**Work task**
Output range, inclusive: from the line containing "Do pondělí 29." to the line containing "Visitors view animal". Restate those lines from the data below word for word and only those.

(Records drawn from a dataset)

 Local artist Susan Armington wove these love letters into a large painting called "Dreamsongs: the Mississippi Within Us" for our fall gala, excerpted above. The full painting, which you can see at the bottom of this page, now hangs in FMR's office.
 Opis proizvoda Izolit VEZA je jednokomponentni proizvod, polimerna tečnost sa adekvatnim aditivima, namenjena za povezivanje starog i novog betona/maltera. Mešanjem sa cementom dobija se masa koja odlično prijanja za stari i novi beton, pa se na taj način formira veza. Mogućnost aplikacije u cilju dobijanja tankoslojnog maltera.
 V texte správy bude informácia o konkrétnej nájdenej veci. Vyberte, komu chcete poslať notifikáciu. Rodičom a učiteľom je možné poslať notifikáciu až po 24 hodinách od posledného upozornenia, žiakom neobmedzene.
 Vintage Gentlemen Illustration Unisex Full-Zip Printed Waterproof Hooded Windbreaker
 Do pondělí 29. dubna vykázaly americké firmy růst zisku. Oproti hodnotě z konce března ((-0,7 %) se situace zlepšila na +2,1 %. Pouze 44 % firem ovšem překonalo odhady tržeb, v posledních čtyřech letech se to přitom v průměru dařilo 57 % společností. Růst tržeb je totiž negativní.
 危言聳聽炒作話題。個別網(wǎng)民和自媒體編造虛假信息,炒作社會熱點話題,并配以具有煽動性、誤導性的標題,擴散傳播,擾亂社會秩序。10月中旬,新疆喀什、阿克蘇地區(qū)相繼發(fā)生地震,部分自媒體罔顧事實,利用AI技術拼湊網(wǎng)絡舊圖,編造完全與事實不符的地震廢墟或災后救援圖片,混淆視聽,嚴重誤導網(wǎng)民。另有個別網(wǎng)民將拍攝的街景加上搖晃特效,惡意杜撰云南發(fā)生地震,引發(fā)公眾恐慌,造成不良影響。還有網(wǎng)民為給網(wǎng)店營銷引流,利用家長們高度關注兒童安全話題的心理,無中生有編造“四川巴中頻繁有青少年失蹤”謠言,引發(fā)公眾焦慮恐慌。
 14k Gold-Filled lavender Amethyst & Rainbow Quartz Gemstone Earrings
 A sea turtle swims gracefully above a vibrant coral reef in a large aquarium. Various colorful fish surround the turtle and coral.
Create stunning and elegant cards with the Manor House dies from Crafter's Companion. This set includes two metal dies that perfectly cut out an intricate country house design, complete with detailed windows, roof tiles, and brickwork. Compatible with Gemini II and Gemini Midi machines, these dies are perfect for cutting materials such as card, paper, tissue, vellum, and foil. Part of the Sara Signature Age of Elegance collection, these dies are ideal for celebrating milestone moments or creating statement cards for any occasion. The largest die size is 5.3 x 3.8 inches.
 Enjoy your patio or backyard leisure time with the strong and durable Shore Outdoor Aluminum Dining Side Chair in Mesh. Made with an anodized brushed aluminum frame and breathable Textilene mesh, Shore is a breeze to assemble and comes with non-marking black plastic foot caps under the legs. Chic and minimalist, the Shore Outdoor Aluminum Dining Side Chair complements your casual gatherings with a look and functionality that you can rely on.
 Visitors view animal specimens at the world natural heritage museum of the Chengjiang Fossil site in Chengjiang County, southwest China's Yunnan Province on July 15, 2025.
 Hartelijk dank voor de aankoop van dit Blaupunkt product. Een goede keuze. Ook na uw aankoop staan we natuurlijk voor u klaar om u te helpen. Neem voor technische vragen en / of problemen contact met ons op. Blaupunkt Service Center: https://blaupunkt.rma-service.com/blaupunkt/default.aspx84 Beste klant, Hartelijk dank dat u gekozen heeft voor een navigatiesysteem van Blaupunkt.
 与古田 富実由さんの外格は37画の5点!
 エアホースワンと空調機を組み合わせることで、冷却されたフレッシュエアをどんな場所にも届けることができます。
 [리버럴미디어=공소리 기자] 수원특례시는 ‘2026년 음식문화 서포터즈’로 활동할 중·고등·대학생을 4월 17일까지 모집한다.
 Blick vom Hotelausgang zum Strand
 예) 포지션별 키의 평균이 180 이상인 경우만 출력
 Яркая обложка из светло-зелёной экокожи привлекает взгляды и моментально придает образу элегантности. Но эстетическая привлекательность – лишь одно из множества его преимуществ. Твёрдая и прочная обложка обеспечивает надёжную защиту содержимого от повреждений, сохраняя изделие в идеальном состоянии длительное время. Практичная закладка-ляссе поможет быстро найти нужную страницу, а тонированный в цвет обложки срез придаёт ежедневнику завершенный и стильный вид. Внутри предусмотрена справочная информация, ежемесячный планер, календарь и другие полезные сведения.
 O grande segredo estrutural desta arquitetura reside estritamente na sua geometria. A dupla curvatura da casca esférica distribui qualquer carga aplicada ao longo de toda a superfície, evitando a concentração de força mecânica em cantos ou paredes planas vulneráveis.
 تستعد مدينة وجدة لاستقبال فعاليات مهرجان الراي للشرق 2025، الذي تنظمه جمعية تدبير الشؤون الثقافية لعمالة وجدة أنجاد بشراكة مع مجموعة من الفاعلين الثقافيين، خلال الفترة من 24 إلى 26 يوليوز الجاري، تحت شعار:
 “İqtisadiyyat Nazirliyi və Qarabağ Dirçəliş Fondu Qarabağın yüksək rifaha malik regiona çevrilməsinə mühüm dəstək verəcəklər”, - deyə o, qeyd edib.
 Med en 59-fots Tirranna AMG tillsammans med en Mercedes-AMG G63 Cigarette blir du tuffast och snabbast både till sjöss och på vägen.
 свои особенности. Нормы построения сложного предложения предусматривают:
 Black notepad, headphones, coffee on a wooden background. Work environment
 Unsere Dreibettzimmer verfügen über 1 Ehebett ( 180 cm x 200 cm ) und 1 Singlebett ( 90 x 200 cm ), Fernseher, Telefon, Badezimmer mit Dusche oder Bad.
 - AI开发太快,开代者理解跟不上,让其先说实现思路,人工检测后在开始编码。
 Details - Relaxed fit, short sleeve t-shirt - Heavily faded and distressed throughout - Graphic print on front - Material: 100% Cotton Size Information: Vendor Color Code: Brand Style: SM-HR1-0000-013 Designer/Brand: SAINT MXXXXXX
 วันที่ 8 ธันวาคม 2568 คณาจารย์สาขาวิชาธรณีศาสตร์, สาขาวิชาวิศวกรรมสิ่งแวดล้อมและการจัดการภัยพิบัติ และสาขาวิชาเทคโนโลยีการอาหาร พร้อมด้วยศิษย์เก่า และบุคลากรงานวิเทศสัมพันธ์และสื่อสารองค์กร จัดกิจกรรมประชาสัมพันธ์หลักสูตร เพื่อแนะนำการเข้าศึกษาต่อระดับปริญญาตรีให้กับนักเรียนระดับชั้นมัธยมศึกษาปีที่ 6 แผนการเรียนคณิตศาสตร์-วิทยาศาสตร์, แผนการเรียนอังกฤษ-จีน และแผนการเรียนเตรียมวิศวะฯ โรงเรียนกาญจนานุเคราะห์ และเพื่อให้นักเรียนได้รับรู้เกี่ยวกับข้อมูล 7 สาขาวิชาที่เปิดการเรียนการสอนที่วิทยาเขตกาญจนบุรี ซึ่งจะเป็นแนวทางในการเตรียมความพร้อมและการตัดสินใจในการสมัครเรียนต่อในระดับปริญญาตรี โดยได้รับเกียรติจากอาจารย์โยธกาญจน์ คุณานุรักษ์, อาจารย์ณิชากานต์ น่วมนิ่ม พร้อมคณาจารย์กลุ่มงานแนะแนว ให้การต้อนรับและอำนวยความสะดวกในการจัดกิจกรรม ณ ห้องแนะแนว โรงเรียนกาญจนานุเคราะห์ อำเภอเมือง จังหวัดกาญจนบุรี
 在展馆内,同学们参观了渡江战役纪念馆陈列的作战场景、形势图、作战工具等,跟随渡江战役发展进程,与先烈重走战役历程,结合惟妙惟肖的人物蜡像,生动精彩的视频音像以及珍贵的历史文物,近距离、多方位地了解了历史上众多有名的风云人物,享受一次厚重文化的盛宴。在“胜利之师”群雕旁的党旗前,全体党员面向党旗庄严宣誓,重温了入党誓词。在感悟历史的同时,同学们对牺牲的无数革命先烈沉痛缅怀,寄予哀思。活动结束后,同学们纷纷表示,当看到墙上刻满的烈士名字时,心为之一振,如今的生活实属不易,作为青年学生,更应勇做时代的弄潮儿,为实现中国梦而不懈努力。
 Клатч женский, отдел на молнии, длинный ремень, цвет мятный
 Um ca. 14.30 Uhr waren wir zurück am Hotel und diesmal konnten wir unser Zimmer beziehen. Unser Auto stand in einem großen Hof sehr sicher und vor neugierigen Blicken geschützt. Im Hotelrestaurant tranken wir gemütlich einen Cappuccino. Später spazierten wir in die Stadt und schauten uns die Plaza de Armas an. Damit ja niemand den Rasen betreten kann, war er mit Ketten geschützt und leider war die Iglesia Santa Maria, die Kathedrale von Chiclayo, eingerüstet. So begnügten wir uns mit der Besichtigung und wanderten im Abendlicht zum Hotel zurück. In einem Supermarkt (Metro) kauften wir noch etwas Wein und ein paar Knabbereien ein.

**Response to the exercise**
 Do pondělí 29. dubna vykázaly americké firmy růst zisku. Oproti hodnotě z konce března ((-0,7 %) se situace zlepšila na +2,1 %. Pouze 44 % firem ovšem překonalo odhady tržeb, v posledních čtyřech letech se to přitom v průměru dařilo 57 % společností. Růst tržeb je totiž negativní.
 危言聳聽炒作話題。個別網(wǎng)民和自媒體編造虛假信息,炒作社會熱點話題,并配以具有煽動性、誤導性的標題,擴散傳播,擾亂社會秩序。10月中旬,新疆喀什、阿克蘇地區(qū)相繼發(fā)生地震,部分自媒體罔顧事實,利用AI技術拼湊網(wǎng)絡舊圖,編造完全與事實不符的地震廢墟或災后救援圖片,混淆視聽,嚴重誤導網(wǎng)民。另有個別網(wǎng)民將拍攝的街景加上搖晃特效,惡意杜撰云南發(fā)生地震,引發(fā)公眾恐慌,造成不良影響。還有網(wǎng)民為給網(wǎng)店營銷引流,利用家長們高度關注兒童安全話題的心理,無中生有編造“四川巴中頻繁有青少年失蹤”謠言,引發(fā)公眾焦慮恐慌。
 14k Gold-Filled lavender Amethyst & Rainbow Quartz Gemstone Earrings
 A sea turtle swims gracefully above a vibrant coral reef in a large aquarium. Various colorful fish surround the turtle and coral.
Create stunning and elegant cards with the Manor House dies from Crafter's Companion. This set includes two metal dies that perfectly cut out an intricate country house design, complete with detailed windows, roof tiles, and brickwork. Compatible with Gemini II and Gemini Midi machines, these dies are perfect for cutting materials such as card, paper, tissue, vellum, and foil. Part of the Sara Signature Age of Elegance collection, these dies are ideal for celebrating milestone moments or creating statement cards for any occasion. The largest die size is 5.3 x 3.8 inches.
 Enjoy your patio or backyard leisure time with the strong and durable Shore Outdoor Aluminum Dining Side Chair in Mesh. Made with an anodized brushed aluminum frame and breathable Textilene mesh, Shore is a breeze to assemble and comes with non-marking black plastic foot caps under the legs. Chic and minimalist, the Shore Outdoor Aluminum Dining Side Chair complements your casual gatherings with a look and functionality that you can rely on.
 Visitors view animal specimens at the world natural heritage museum of the Chengjiang Fossil site in Chengjiang County, southwest China's Yunnan Province on July 15, 2025.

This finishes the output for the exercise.